Let y = f(x) = sqrt(3x-5)

=> y^2 = 3x - 5

=> 3x = y^2 + 5

=> x = y^2 / 3 + 5/3

Interchange x and y

=> y = x^2/3 + 5/3

**Therefore the inverse of f(x) = sqrt(3x-5) is f^-1(x) = x^2/3 + 5/3.**

Given the function f(x) = sqrt(3x-5).

We need to find f^-1 (x) which is the inverse of the function f(x).

First, we will assume that y= sqrt(3x-5).

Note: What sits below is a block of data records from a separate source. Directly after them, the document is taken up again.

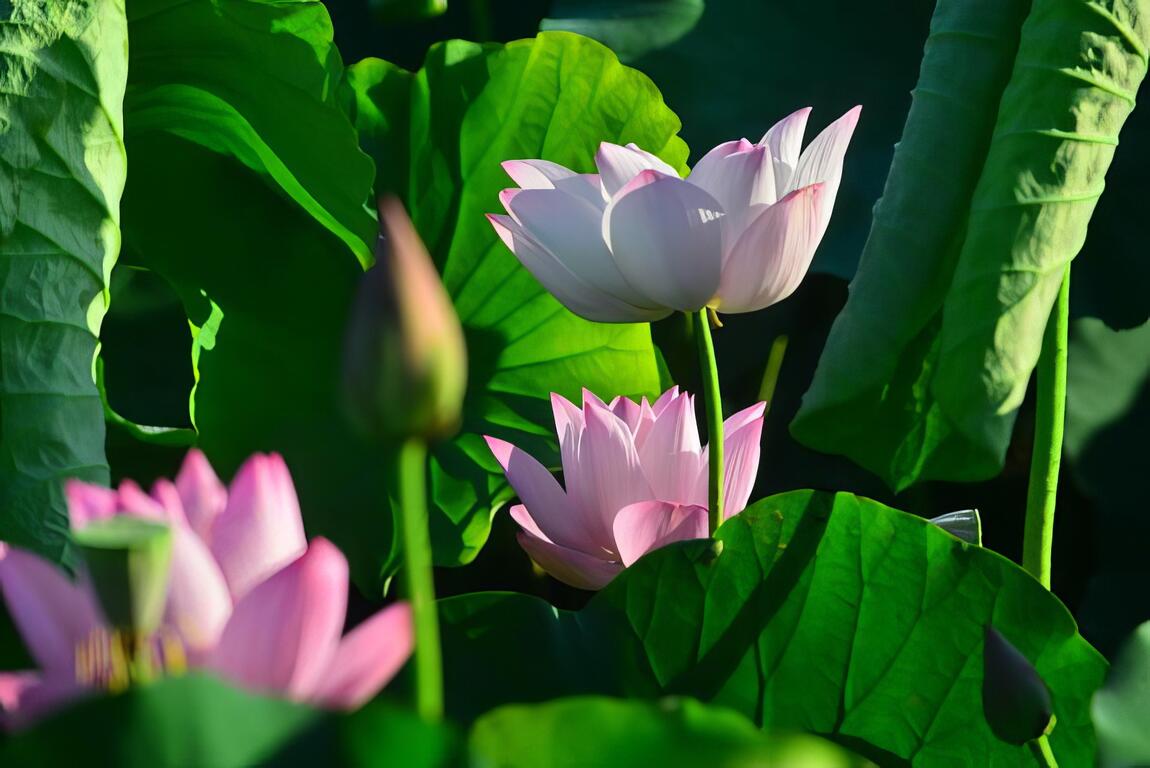 夏季是蓮花盛開的季節,粉紅花朵點綴蓮花田中,蘸著露水的蓮花,是如此的瑰麗,
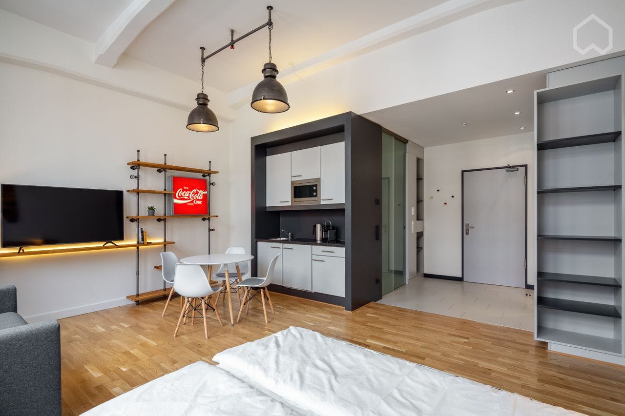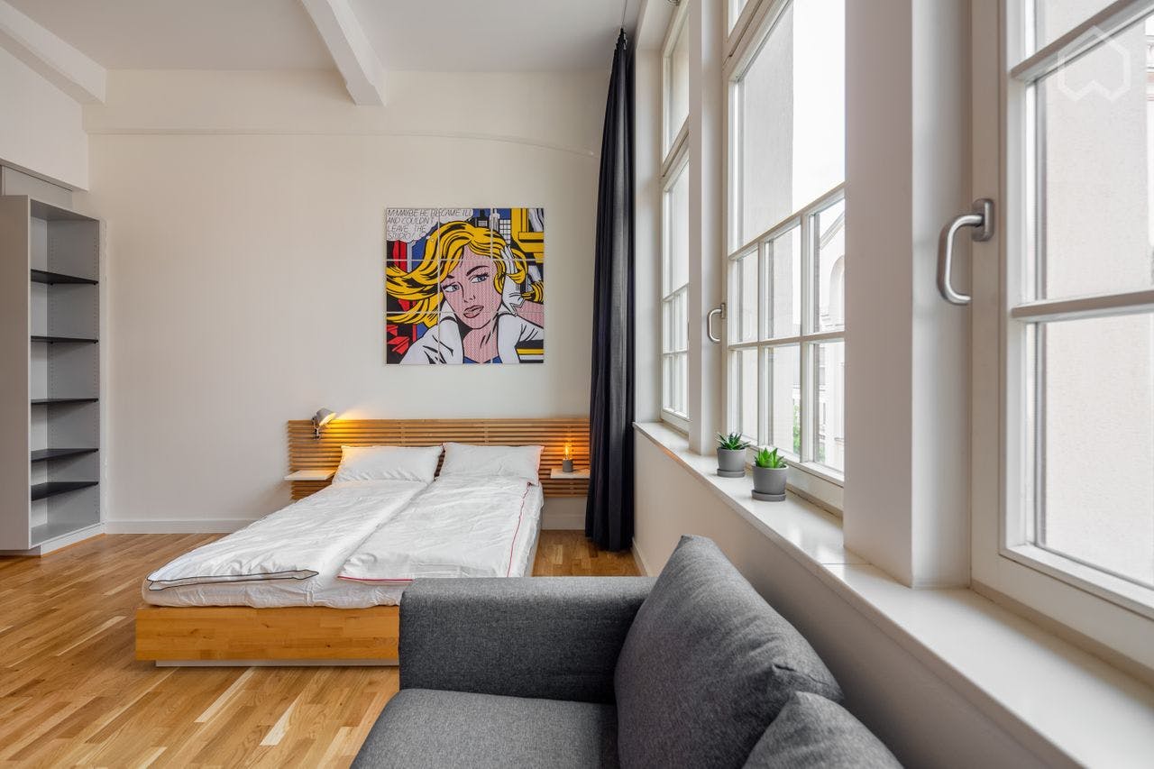 Wohnen im Industrial Loft am alten Bayrischen Bahnhof gegenüber des Uni-Klinikums. Das ehemalige Buchdruckerei-Gebäude wurde zu einem loftähnlichen Wohnhaus umgebaut und dabei sehr modern und hochwertig saniert. Die lichtdurchflutete Wohnung wurde mit hochwertigen Materialien rekonstruiert und mit einem neuen Eichen-Parkettboden ausgestattet. Die Einrichtung wurde liebevoll gestaltet mit einem Mix aus Industrial Elementen und leichtem skandinavischem Design. Der 3,60 m hohe Raum ist durch die drei sehr großen Sprossenfenster lichtdurchflutet und gibt genügend Raum zum Entfalten und Wohlfühlen. Die Küche ist mit Kühlschrank, Mikrowelle und zwei Ceran-Herdplatten gut ausgestattet. Neben Nespresso-Maschine und Wasserkocher finden sich alle wichtigen Utensilien, wie Geschirr, Gläser, Töpfe...
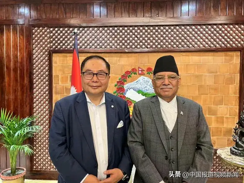 肖武男主席与尼泊尔时任总理普拉昌达(右)合影
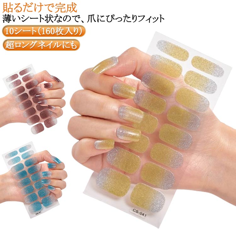ネイル フット ネイルシール 貼るだけ 硬化タイプ 10シート 160枚入 半硬化 貼って硬化 ジェルネイル シンプル 簡単 キラキラ おしゃ セルフネイル
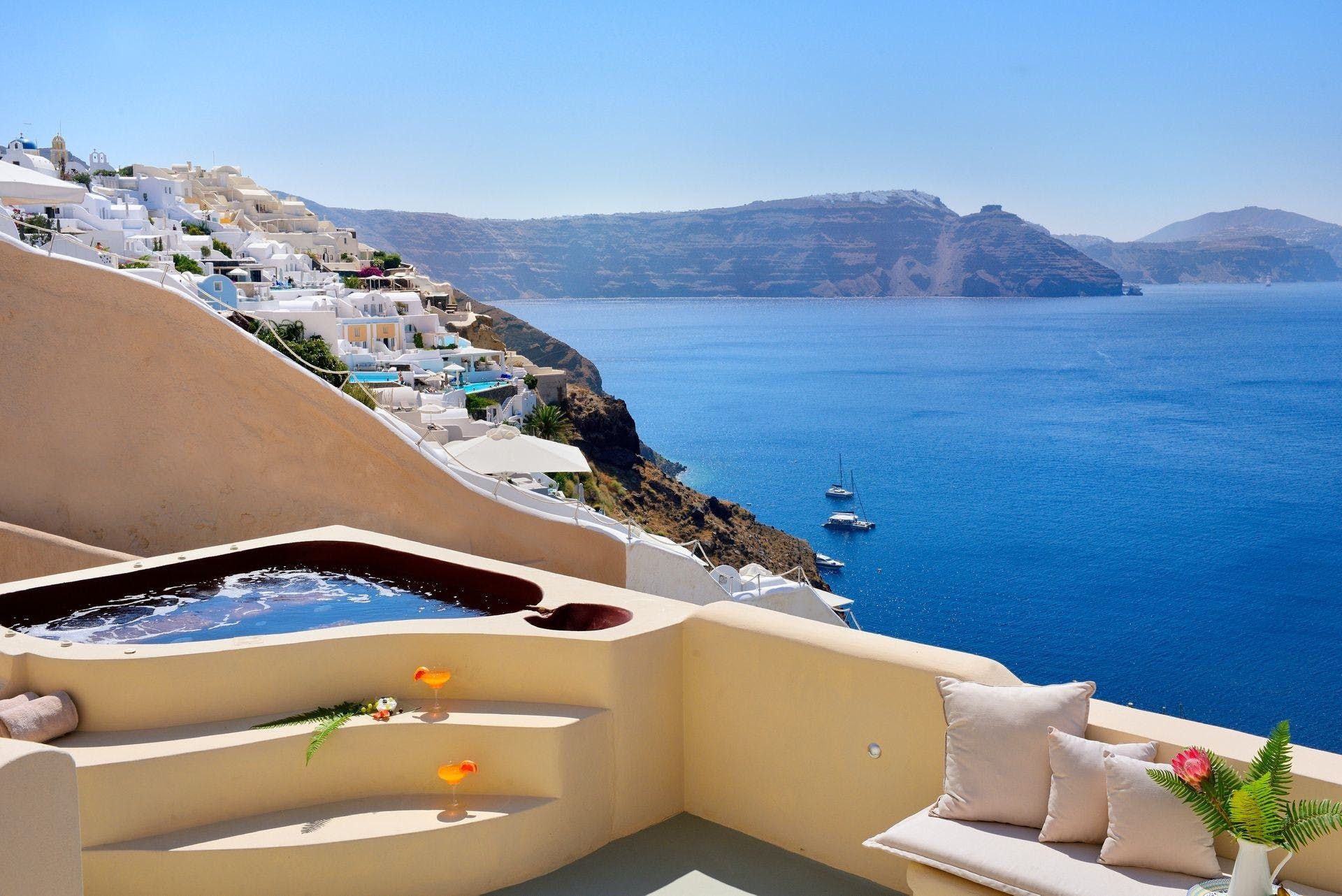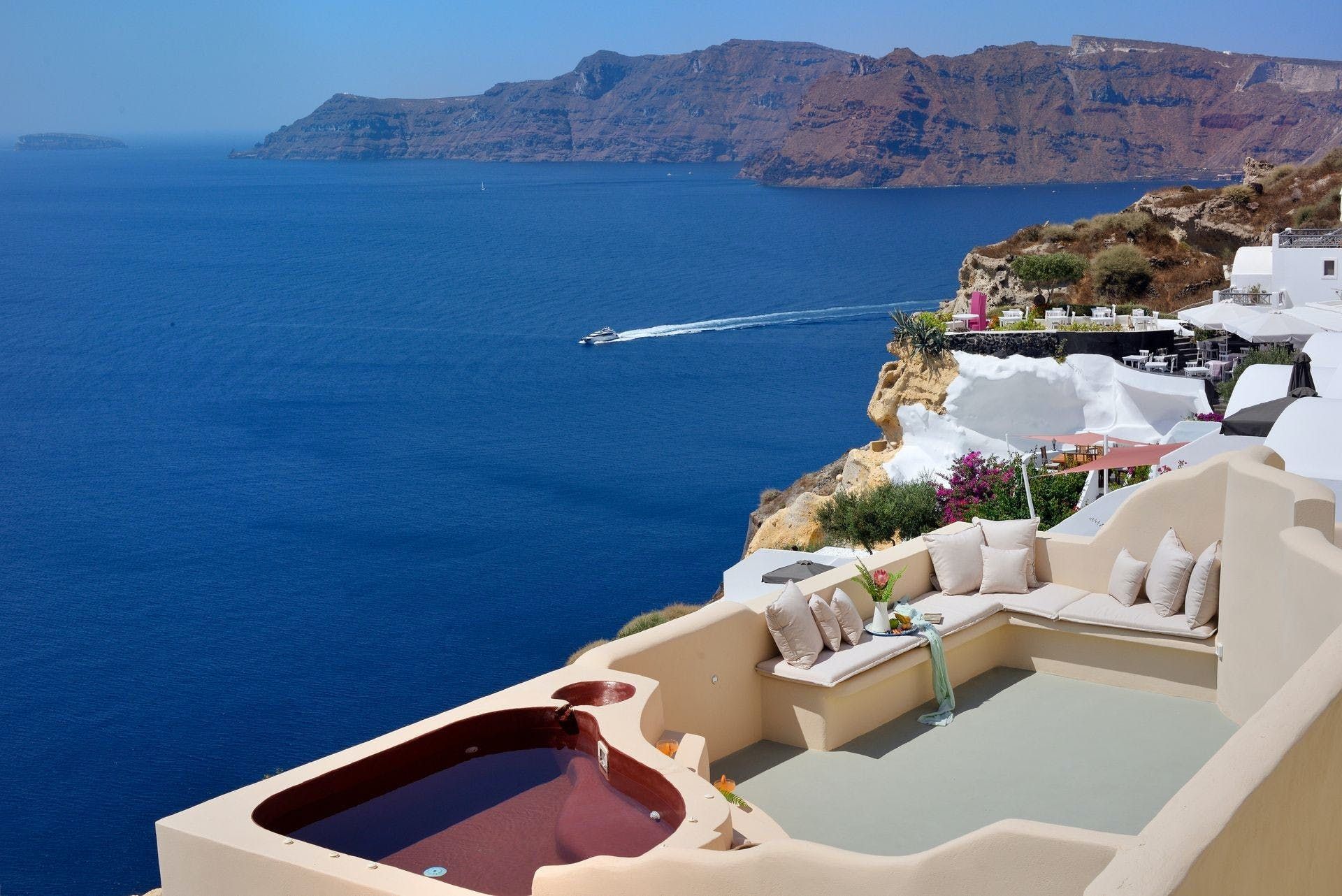 Occupying an enviable spot on Santorini’s northwestern tip, this apartment guarantees an unforgettable family holiday. The home features a private terrace with a covered area for dining, a hot tub and sweeping views of the Caldera and Aegean Sea. Inside, the place is compact yet comfortable – though there isn’t much space for socialising when the sofa bed is in use. If you’d like to stretch your legs, Oia’s charming taverns and restaurants are on your doorstep, and Ammoudi Bay is within walking distance.
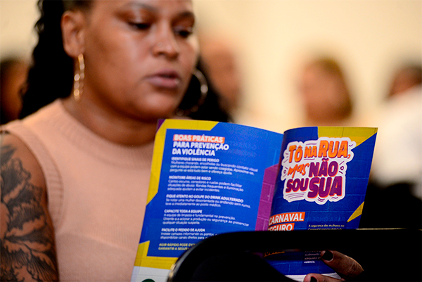 Material informativo – No encontro desta quarta, foram distribuídos panfletos com informações sobre como identificar sinais de perigo, monitorar áreas de risco, como acontece o atendimento para cada caso de violência e quem pode atendê-los. Ao longo da festa, outros materiais serão entregues para os foliões para que o maior número de pessoas possa saber lidar com esses episódios.
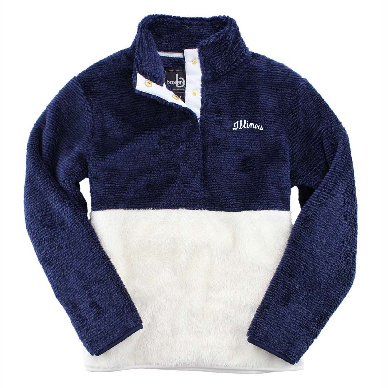 Show your Orange and Blue pride! This Illinois jacket is perfect for any Illini fan. This women's pullover features a navy and white body with a half-snap top and script white Illinois that makes it great for games, tailgates, or campus wear. Don’t miss out on this warm and fuzzy piece to show your Fighting Illini spirit! This is an officially licensed collegiate product.
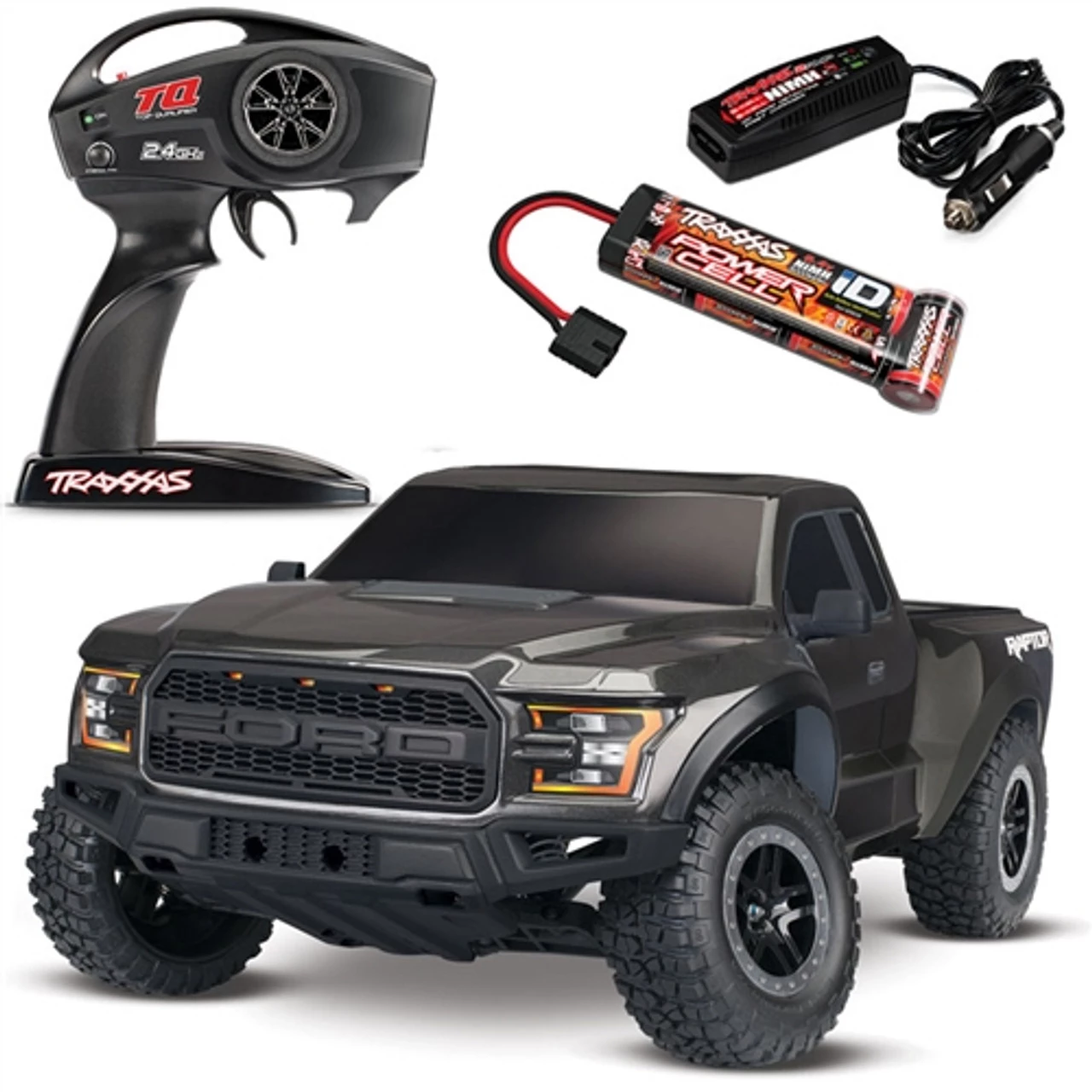 This is the Traxxas 2017 Ford Raptor Slash XL-5 2WD Ready-to-Run. It comes with a Traxxas ID Battery and DC Peak Detecting Quick Charger. The Slash Raptor also comes with a 2.4GHz radio system, waterproof electronics, and a stunning pre-painted 2017 SVT Raptor body. With the included 3000mAh 7-Cell 8.4V NiMH battery pack and 23T pinion gear, the truck is capable of speeds in excess of 30 MPH!

Now we will try to isolate x on one sides.

==> y= sqrt( 3x -5)

We will square both sides:

==> y^2 = 3x - 5

Now we will add 5 to both sides.

==> y^2 + 5 = 3x

Now we will divide by 3.

==> x = ( y^2 + 5) /3

Now we will rewrite x and y.

==> y= (x^2 + 5) /3

Then the inverse if the function f(x) is:

**f^-1 (x) = (x^2 + 5) /3 **

f(x) = sqrt(3x-5)

To find the inverse of the function 3x-5.

We know 3x-5 > 5,

So for x> 5/3, we assume f^-1(x) = y.

So f(y) = x.

=> sqrt(3y-5) = x.

=> 3y-5 = x^2.

=> 3y = x^2+5.

=> y = (x^2+5)/3.

Therefore y = (x^2+5)/3 is the inverse of y = sqrt(3x-5).